Last Friday Andrew Chen wrote a great article about ad-supported websites. His thesis boils down to the following snippet.

The key thing here is: The users of your website are not really your customers. Instead, the entire process of gathering eyeballs is just to sell to your ACTUAL customers, who are the ad agencies and advertisers. Get it? Your Web 2.0 consumer startup is actually a B2B that sells inventory to brand advertisers.

Subtleties

He brings up a worthwhile point, which is that many developers looking to make the next hot thing don't really understand the role advertisers play in their ecosystem. For developers business development, marketing, and advertising are all dirty words. They certainly don't view themselves as trafficking in attention, even though many if not most hot web properties make money by selling their users' attention to advertisers.

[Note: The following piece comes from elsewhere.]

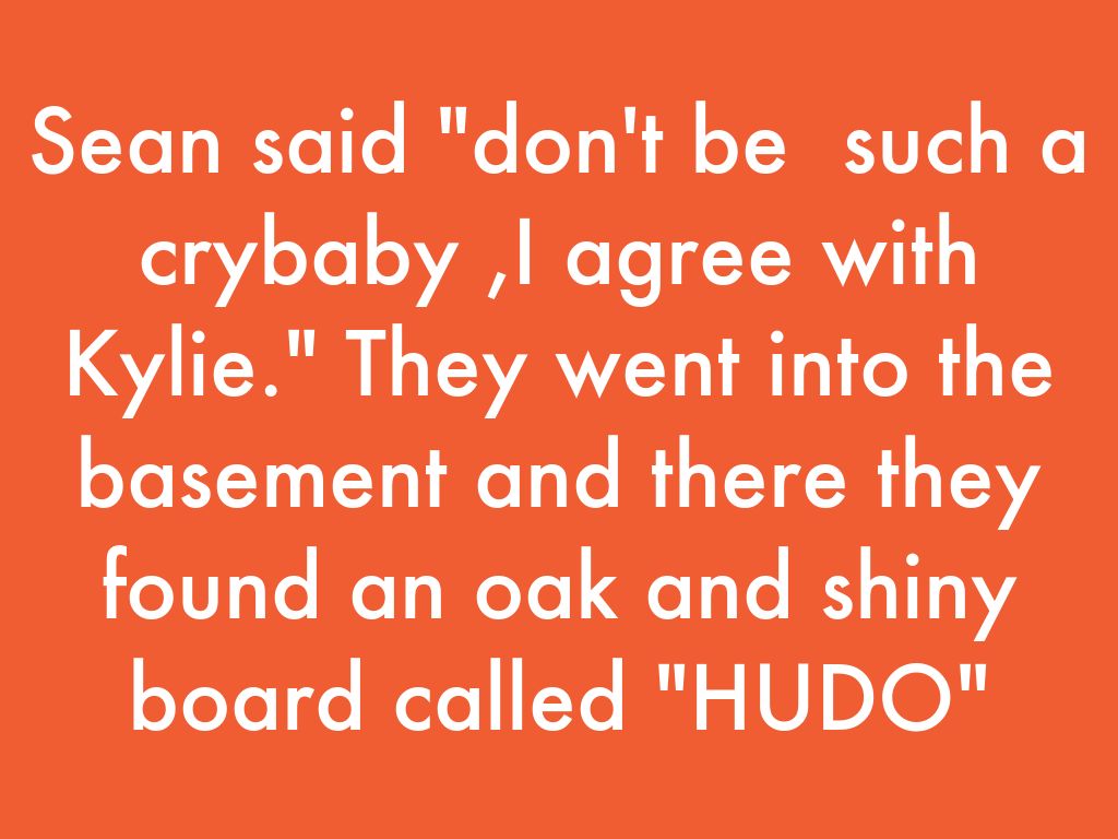 Sean said "don't be such a crybaby ,I agree with Kylie." They went into the basement and there they found an oak and shiny board called "HUDO"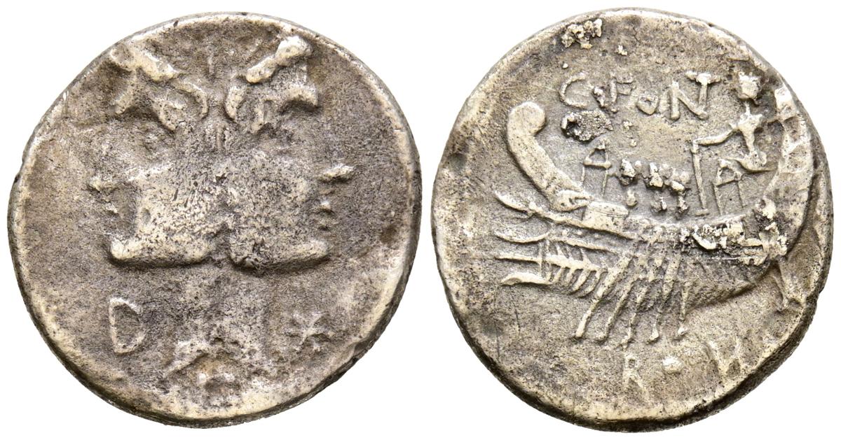GENS FONTEIA. Denario. (Ar. 3,40g/19mm). 114-113 a.C. Sur de Italia. (Crawford 290/1; FFC 713). Anv: Cabeza de bifronte de Fontus, en campo: P y estrella. Rev: Galera a izquierda con timonel y tres filas de remeros, encima leyenda: C FONT, debajo: ROMA. BC+. Oxidaciones limpiadas.

This is one extreme — marketing and advertising are dirty and our first duty is to our users, not our advertisers. Andrew's is the other — if you're making money through advertising then you're going to have to serve them above your users.

As it happens the situation is more complicated. Media companies, which I define as companies that sustain themselves by buying and selling attention, exist in a two-sided market. This includes ad-supported companies. (Yes, Facebook and Google, you're media companies, not technology companies.)

Here's a diagram that describes the economics of an ad-supported media company

In a two-sided market both sides can and do affect the other. Most developers are at least tangentially aware of this when they express fears that ads will drive users away. But if you do it right the relationship between you, your audience, and advertisers can be symbiotic rather than oppositional.

A good example of this sort of relationship is my former employer, Sugar, Inc. On occasion advertisers will pay to dress up the avatars that live at the top of their content sites like PopSugar.

The audience likes it because they enjoy fashion and it adds personality to the site. The advertisers like it because it's a unique value proposition and it attaches them strongly with Sugar, Inc.'s brand. And Sugar, Inc. likes it because it makes them money.

Creating Value vs. Stealing Value

It comes down to this: it's possible, if you're clever enough, to create situations where everyone wins, even if you're an ad-supported media company. And your goal as an an entrepreneur should be to create value.

To create value it's important to align your interests with your customers. This might be more difficult in a two-sided market since, in effect, you have two sets of customers.

But as Andrew points out there are other economies that are possible in the Web 2.0 world, such as e-commerce, subscription fees, or virtual goods. These might be easier if they're appropriate, but it's a mistake to think that supporting yourself through advertising automatically makes you an enemy of your audience.